- Battle of Tarpellanca: Part of the Chilean War of Independence
| Date | September 26, 1820 |
| Location | Tarpellanca ford, on the banks of the Laja River |
| Result | Royalist victory |

Belligerents
- Chilean Army: Royalists Mapuche Allies

Commanders and leaders
- Pedro Andrés del Alcázar: Vicente Benavides Juan Manuel Picó Toqui Catrileo

Strength
- 600: 2,400

= Battle of Tarpellanca =

The Battle of Tarpellanca (September 26, 1820) took place between the forces of nascent Chilean Army and Spanish royalist guerrillas, in the context of the Total War campaign, during the later stages of the Chilean War of Independence.

==Background==
After their victory at the Battle of Pangal, the Loyalist forces, composed of approximately 2,400 guerrilla and Mapuche Allies under the command of Vicente Benavides, decided to attack and destroy the city of Los Angeles. This city was defended by around 400 line soldiers under the command of Marshal Pedro Andrés del Alcázar, and had already survived four attempts by the same enemy.

At this juncture, Marshal del Alcázar received forged orders from General Ramón Freire to evacuate the city and move his forces to reinforce Chillán and meet with the main Army that was operating out of Concepción. Marshal del Alcázar, ignorant of the defeat suffered by the Patriot army at Pangal decided to evacuate the city, taking with him all the inhabitants, who otherwise would have been massacred by the guerrillas. He left the city on the 25th at the head of the Cazadores de Coquimbo battalion, 50 artillery troops, approximately 150 friendly Mapuche allies and about a thousand civilians, with their properties and animals. The long train made for a very slow speed.

==The battle==
As he was crossing the Laja River at the Tarpellanca ford, early on the morning of the 26th, the column was attacked by the troops of Benavides at the point where the river branched into two inlets leaving an islet in the middle. Marshal del Alcázar and almost all of his column were trapped there at the islet. A defense was hastily organized by making a circle out of the carts, but after 13 hours of battle, just as night was falling, the patriots started to run out of ammunition.

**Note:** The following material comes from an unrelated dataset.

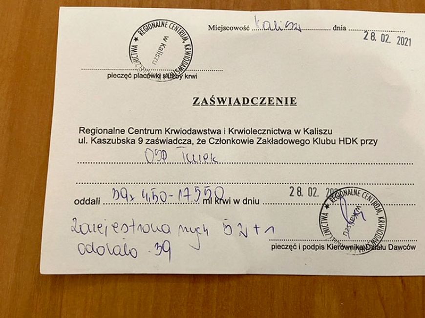 To nie pierwsza i nie ostatnia akcja aktywnie działającego przy OSP Klubu Honorowych Dawców Krwi. Jak podkreśla prezes Piotr Dewicki, organizowane przez Klub zbiórki zawsze cieszą się ogromnym zainteresowaniem. Tylko w zeszłym 2020 roku bilans wszystkich zorganizowanych poborów to ponad 200 litrów krwi. Od kiedy zamknięto turkowski oddział krwiodawstwa, honorowi dawcy zmuszeni są na własną rękę organizować akcje poboru krwi. Klub HDK rocznie na swoim koncie ma ich około dziesięciu. Obsługę niedzielnego poboru krwi zapewniło Regionalne Centrum Krwiodawstwa i Krwiolecznictwa w Kaliszu.

In order to try to save the many civilians that were traveling with his column, he decided to negotiate with Benavides. The Patriots surrendered in exchange for their lives and free passage for all the civilians, while Marshal del Alcázar and his officers were to remain as hostages and the surviving soldiers were to incorporate themselves to the guerrilla. The final truce was agreed at 2AM on the 27th.

==Aftermath==
After the surrender of the troops, Benavides ordered the prisoners to restart the march towards Yumbel. On the morning of the 28th, Benavides ordered all the prisoners executed, which were then shot, lanced and the bodies torn apart. The city of Los Angeles was torched.